*Excerpted data*.
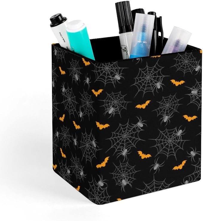 Square Pen Holder & Pencil Organizer for Desk - Office Storage Organizer, Markers/Makeup Brushes/Scissors Holder, Compact Desk Decor Accessories for Home Classroom School(Bat)
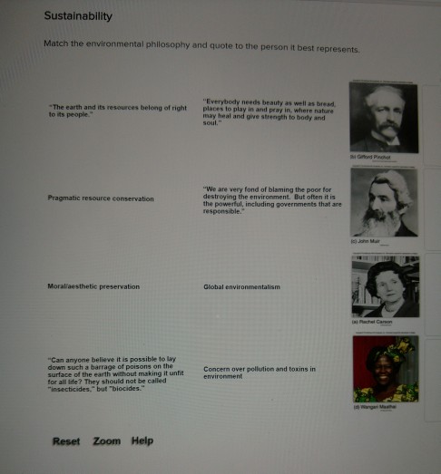 But often it is the powerful including governments that are responsible. Sustainability match the environmental philosophy and quote to the person it best represents everybody needs beauty as well as bread the earth and its resources belong of right places to play in and pray in where nahure to its people may heal and give strength to body and soul we are very fond of blaming the poor for destroying the.
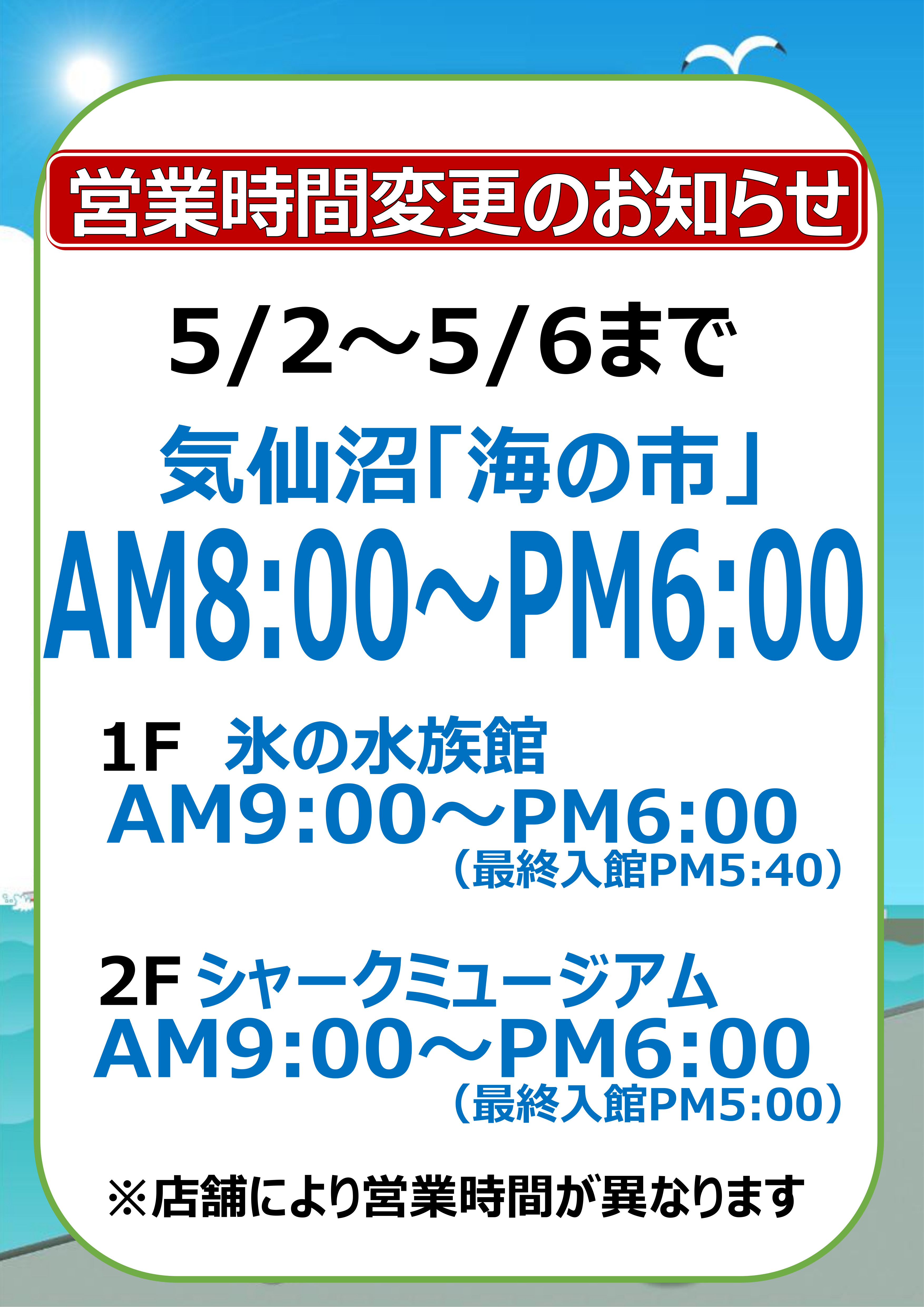 5月1日より9月30日までの間、気仙沼「海の市」の営業時間は以下の通りとなります。
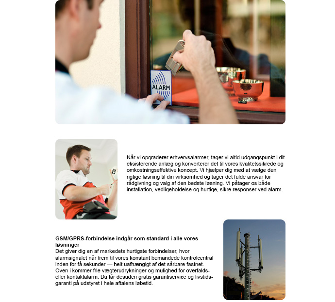 Langt fra alle alarmer og sikkerhedssystemer lever op til den standard, som virksomhedens aktiviteter kræver. Dansikring Direct tilbyder et opgraderingskoncept, som giver dig et af markedets mest moderne og effektive sikkerhedssystemer, der samtidig giver mulighed for at beholde og genbruge dele af din nuværende alarm.
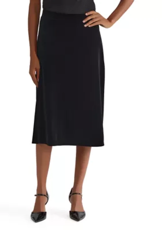 3-Piece Luxe Crepe Skirt Suit with Waist Brooch Detail
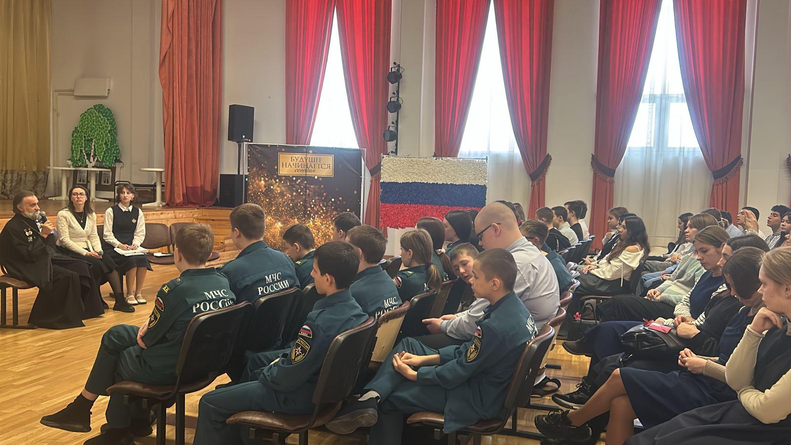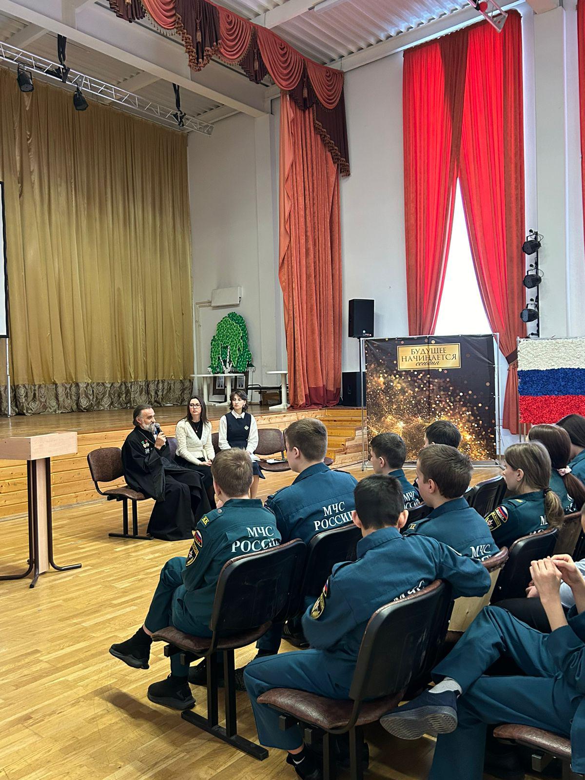 13 декабря, в актовом зале Звенигородской общеобразовательной школы “КвантУм” им. Героя Советского Союза Василия Фабричнова состоялась встреча с клириком Вознесенского Собора г. Звенигорода священником Виталием Кондратовым. Отец Виталий человек с необычной судьбой. В прошлом офицер Вооруженных сил СССР, прошедший Афганскую войну, перенесший ранения и получивший множество воинских наград. Учащимся школы “КвантУм” и Звенигородской Православной гимназии во имя прп. Саввы Сторожевского, пришедшим на встречу, отец Виталий рассказал о своей жизни и ответил на интересующие ребят вопросы.
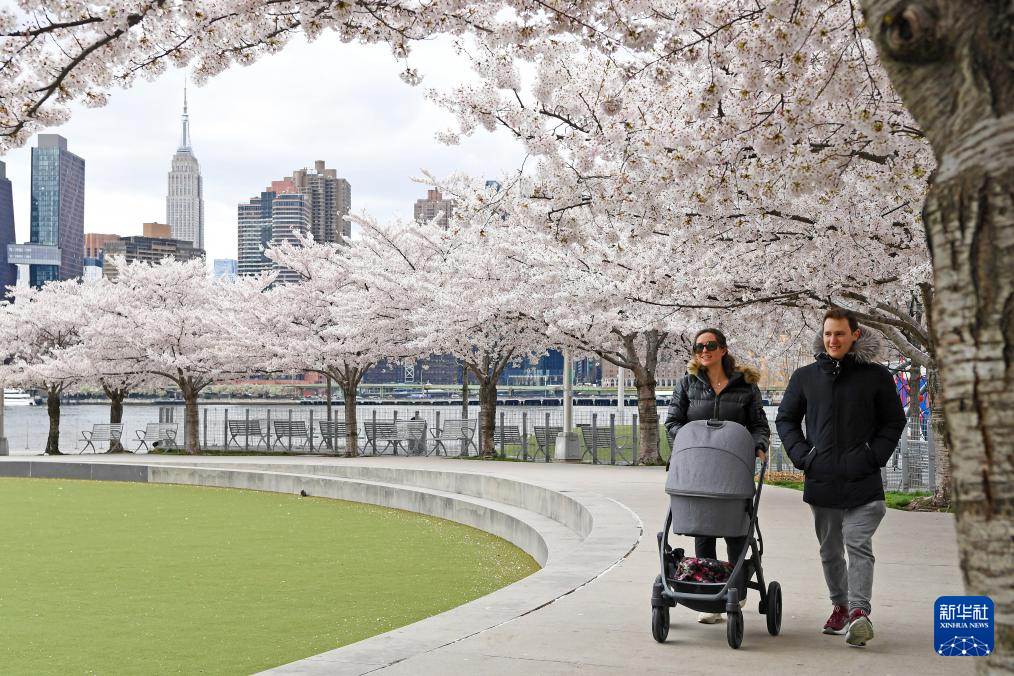 近日,随着气温回暖,纽约春花烂漫,人们前往公园踏春休闲。

*Task statement*. Copy the listing exactly but drop its images.

*Answer to the exercise*.
 Square Pen Holder & Pencil Organizer for Desk - Office Storage Organizer, Markers/Makeup Brushes/Scissors Holder, Compact Desk Decor Accessories for Home Classroom School(Bat)
 But often it is the powerful including governments that are responsible. Sustainability match the environmental philosophy and quote to the person it best represents everybody needs beauty as well as bread the earth and its resources belong of right places to play in and pray in where nahure to its people may heal and give strength to body and soul we are very fond of blaming the poor for destroying the.
 5月1日より9月30日までの間、気仙沼「海の市」の営業時間は以下の通りとなります。
 Langt fra alle alarmer og sikkerhedssystemer lever op til den standard, som virksomhedens aktiviteter kræver. Dansikring Direct tilbyder et opgraderingskoncept, som giver dig et af markedets mest moderne og effektive sikkerhedssystemer, der samtidig giver mulighed for at beholde og genbruge dele af din nuværende alarm.
 3-Piece Luxe Crepe Skirt Suit with Waist Brooch Detail
 13 декабря, в актовом зале Звенигородской общеобразовательной школы “КвантУм” им. Героя Советского Союза Василия Фабричнова состоялась встреча с клириком Вознесенского Собора г. Звенигорода священником Виталием Кондратовым. Отец Виталий человек с необычной судьбой. В прошлом офицер Вооруженных сил СССР, прошедший Афганскую войну, перенесший ранения и получивший множество воинских наград. Учащимся школы “КвантУм” и Звенигородской Православной гимназии во имя прп. Саввы Сторожевского, пришедшим на встречу, отец Виталий рассказал о своей жизни и ответил на интересующие ребят вопросы.
 近日,随着气温回暖,纽约春花烂漫,人们前往公园踏春休闲。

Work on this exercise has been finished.